La terapia narrativa es una forma de psicoterapia, iniciada en Australia y Nueva Zelanda en los 80, que enfatiza la importancia de las historias y el lenguaje en el desarrollo y expresión de los problemas inter e intrapersonales. Usa preguntas terapéuticas para ayudar a los pacientes a reconocer y reflexionar en los elementos discrepantes pero positivos de sus historias actuales saturadas de problemas, y epoderarlos para reformular una dirección de vida de su preferencia.

Las experiencias clínicas con residentes de medicina familiar y sus pacientes, nos han convencido que las aproximaciones narrativas tienen mucho que ofrecer a la especialidad. En particular, los pacientes que son clasificados como no adherentes, difíciles, somatizadores, autoboicoteadores, depresivos o ansiosos, pueden beneficiarse de la incorporación de elementos narrativos en sus encuentros con los médicos.

En este artículo, usamos el estudio de un caso de un paciente que inicialmente no lograba cumplir con las recomendaciones de tratamiento para la diabetes, para ilustrar los conceptos básicos y las técnicas de la terapia narrativa que tienen aplicación en la medicina familiar.

La teoría narrativa remarca por sobre todo, la importancia del lenguaje en la formación de la realidad de las personas. Es importante, por tanto, contextualizar el lenguaje utilizado en este artículo. Los terapeutas narrativos prefieren no denominarse “terapeutas”, ya que rara vez ven a quienes consultan como “pacientes” o “clientes”. Esto es porque el lenguaje de terapeuta – cliente contiene suposiciones sobre autoridad, poder, y expertise, que los terapeutas narrativos buscan cuestionar.
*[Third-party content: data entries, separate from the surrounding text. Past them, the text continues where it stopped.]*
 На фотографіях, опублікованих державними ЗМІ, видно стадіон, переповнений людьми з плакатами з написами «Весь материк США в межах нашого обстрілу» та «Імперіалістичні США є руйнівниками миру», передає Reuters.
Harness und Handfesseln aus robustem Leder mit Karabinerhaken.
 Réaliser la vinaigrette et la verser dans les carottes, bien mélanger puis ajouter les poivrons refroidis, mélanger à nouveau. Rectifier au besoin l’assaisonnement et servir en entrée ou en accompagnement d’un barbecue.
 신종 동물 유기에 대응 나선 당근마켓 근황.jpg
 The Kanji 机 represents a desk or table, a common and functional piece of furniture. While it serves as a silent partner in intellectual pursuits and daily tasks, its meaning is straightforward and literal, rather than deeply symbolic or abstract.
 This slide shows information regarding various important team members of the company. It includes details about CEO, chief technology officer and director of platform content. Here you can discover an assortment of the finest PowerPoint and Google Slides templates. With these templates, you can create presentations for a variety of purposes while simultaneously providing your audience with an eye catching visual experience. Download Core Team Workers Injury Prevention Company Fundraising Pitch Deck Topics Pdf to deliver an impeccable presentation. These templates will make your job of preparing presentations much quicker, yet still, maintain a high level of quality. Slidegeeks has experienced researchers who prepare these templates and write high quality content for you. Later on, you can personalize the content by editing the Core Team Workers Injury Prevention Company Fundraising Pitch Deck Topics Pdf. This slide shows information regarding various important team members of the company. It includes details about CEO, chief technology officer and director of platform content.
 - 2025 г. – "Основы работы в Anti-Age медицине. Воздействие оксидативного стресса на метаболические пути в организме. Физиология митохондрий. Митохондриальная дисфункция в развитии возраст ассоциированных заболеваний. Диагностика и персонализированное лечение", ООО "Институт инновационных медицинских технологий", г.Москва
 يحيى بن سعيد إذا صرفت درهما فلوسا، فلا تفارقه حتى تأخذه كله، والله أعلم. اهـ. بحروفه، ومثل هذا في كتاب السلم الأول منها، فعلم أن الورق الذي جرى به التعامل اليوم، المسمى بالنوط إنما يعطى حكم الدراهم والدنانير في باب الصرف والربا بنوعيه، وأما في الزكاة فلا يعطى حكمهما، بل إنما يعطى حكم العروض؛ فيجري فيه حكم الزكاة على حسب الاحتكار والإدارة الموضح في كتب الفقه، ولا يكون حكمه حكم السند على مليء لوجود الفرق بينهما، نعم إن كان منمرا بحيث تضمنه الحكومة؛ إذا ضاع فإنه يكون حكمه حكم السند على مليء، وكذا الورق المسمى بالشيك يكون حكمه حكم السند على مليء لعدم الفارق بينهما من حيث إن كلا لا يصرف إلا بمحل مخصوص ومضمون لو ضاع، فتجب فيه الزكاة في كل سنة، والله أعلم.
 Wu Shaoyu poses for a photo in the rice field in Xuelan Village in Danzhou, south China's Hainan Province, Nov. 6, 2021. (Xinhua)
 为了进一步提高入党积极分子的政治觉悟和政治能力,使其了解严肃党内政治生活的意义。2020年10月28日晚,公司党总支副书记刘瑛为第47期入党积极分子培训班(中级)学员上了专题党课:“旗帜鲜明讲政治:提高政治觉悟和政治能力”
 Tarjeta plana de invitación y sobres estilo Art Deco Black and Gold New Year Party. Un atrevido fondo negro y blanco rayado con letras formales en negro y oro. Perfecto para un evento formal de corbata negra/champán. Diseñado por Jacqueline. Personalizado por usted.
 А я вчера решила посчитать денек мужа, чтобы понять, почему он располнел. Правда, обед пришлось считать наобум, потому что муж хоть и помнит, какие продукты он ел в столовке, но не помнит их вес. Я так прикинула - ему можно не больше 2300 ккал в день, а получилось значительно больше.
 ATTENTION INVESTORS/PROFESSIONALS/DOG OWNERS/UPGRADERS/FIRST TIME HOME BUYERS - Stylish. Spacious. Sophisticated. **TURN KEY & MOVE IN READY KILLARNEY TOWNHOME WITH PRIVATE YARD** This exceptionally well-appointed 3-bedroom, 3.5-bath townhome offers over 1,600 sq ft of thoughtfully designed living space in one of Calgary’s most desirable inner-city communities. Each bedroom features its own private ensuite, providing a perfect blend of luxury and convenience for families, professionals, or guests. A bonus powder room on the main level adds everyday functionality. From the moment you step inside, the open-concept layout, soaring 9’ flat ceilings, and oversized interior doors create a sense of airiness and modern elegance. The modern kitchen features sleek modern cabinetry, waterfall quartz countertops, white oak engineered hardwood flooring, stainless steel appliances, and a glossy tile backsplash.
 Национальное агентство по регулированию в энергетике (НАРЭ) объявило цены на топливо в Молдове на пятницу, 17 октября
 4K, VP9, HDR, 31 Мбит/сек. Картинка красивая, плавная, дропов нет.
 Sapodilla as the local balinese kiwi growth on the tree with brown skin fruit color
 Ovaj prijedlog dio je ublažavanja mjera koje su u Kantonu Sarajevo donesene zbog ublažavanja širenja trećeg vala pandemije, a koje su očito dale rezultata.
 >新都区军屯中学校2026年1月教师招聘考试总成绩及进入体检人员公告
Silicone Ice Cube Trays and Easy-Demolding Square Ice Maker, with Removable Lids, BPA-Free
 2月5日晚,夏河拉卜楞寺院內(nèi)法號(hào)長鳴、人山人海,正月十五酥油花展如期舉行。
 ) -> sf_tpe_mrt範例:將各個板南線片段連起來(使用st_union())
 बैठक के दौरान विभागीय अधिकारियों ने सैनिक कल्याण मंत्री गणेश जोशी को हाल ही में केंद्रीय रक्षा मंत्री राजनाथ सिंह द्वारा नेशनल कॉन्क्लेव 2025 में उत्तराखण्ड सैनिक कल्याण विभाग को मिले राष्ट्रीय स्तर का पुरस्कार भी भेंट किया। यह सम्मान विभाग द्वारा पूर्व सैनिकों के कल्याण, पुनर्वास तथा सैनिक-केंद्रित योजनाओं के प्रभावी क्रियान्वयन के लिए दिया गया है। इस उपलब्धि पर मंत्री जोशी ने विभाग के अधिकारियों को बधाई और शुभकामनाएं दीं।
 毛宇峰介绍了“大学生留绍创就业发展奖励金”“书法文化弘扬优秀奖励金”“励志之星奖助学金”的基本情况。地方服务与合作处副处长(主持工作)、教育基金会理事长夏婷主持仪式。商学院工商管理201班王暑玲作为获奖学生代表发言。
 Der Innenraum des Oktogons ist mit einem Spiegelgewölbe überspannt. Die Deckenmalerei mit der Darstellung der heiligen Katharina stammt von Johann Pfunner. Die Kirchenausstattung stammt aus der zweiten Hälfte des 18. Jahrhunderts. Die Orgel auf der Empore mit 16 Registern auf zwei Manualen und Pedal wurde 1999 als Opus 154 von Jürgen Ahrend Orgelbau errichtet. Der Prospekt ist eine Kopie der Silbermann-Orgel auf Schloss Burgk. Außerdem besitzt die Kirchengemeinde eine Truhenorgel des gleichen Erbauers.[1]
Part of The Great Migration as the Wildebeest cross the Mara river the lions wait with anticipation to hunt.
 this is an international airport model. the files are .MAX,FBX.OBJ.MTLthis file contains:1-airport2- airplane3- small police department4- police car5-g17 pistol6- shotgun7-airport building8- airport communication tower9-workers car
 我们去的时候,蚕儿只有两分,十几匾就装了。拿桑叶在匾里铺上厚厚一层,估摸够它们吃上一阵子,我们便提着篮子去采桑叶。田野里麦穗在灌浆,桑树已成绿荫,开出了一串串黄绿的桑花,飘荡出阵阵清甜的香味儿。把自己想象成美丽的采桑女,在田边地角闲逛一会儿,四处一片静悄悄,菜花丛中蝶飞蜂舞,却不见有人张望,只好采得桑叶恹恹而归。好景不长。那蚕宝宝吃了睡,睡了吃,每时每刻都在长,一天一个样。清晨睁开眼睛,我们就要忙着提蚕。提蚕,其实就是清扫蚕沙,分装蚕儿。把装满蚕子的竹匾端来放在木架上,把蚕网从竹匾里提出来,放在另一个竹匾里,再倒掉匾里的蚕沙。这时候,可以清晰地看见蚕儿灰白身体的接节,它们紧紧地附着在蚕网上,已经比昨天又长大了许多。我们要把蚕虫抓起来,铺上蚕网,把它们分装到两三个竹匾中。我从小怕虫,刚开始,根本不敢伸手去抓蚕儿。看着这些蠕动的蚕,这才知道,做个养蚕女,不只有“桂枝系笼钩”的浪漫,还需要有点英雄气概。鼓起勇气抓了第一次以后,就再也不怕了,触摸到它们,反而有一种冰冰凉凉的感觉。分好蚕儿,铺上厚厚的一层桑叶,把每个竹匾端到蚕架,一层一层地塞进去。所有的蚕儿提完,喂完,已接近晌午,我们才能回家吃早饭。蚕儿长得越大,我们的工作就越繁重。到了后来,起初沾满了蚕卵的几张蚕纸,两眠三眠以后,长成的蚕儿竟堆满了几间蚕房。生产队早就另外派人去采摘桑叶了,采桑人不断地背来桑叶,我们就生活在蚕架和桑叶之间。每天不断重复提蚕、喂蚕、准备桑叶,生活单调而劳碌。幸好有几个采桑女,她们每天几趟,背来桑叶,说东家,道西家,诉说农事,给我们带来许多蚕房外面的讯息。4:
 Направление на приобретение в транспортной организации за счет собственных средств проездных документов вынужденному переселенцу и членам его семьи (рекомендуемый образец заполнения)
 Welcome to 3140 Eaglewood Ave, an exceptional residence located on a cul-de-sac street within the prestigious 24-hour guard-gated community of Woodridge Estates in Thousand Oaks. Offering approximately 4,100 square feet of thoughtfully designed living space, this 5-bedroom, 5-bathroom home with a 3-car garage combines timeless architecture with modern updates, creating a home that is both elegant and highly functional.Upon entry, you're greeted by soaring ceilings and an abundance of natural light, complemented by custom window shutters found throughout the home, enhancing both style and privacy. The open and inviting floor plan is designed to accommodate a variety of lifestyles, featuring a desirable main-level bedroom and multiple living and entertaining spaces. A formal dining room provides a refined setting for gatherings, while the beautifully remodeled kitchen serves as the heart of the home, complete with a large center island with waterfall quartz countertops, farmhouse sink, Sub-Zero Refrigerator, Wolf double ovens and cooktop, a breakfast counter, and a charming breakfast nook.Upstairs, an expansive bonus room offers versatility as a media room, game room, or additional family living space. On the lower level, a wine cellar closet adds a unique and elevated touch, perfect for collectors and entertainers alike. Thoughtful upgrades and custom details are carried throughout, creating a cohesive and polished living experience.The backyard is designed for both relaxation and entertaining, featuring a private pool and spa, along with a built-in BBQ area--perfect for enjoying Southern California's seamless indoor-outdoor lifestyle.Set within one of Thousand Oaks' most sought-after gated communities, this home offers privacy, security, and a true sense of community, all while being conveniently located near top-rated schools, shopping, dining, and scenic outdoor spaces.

Sospechamos que los terapeutas narrativos tendrían un sentimiento similar o más fuerte con respecto a los términos “doctor” y “paciente”, que están fuertemente cargados de simbolismo y expectativas.

Sin embargo, por el bien de la claridad, este articulo continuará refiriéndose a doctores y pacientes para los roles ya profundamente imbricados en la sociedad. Esperamos que los lectores comiencen a preguntarse sobre qué implican estas etiquetas, tanto positiva como negativamente, para los individuos que las asumen.

 

Marco teórico

La base de la terapia narrativa es el construccionismo social, o la idea de que la forma en que las personas se experimentan a sí mismos y su vida, es “construida” a través de interacciones sociales mediadas culturalmente. A través de historias y el lenguaje, la cultura envía poderosos mensajes a sus miembros sobre el significado de importantes conceptos que la sostienen, incluyendo genero, etnia, clase social, y por supuesto estado de salud. Por ejemplo, el psiquiatra y antropólogo Arthur Kleinman distingue entre enfermedad y dolencia, definiendo esta última como “la forma en que la persona enferma y los miembros de su familia, y la red social mas amplia, perciben, viven y responden a ciertos síntomas y discapacidad”; En otras palabras, lo que la enfermedad significa para el paciente y su familia. Kleinman propone que tal significado esta construido en la base de creencias personales sobre la salud y enfermedad, que están fuertemente influenciadas por normas y estándares culturales. Las ideas narrativas ofrecen un útil marco de trabajo para ayudar a los pacientes y médicos a acceder a este proceso de construcción de significados, y en casos de significados “disfuncionales”, trabajar en cambiarlos.

 

El paciente

El Sr. A era un hombre de 51 años, con DM2 y complicaciones secundarias, atendido por una residente de tercer año de medicina familiar, Dra. B, en una clínica ambulatoria universitaria. Inicialmente basándose en un modelo centrado en la enfermedad, la médica intentó manejar al Sr. A través de un plan de tratamiento de monitoreo de glicemia, medicamentos, dieta y ejercicio. Sin embargo el paciente parecía ignorar sus recomendaciones. La Dra. B lo describía como crónicamente no adherente y en negación, y se sentía frustrada por sus cuidados. En particular, la Dra. B se quejaba de estar “cansada de decirle que hacer”, con tan escasos resultados. Una intervención inicial basada en narrativas, invitó a la Dra. B a cambiar desde hacer afirmaciones directivas, hacia hacerle preguntas, muchas preguntas, al Sr. A.

 

Preguntar: La herramienta básica de la terapia narrativa.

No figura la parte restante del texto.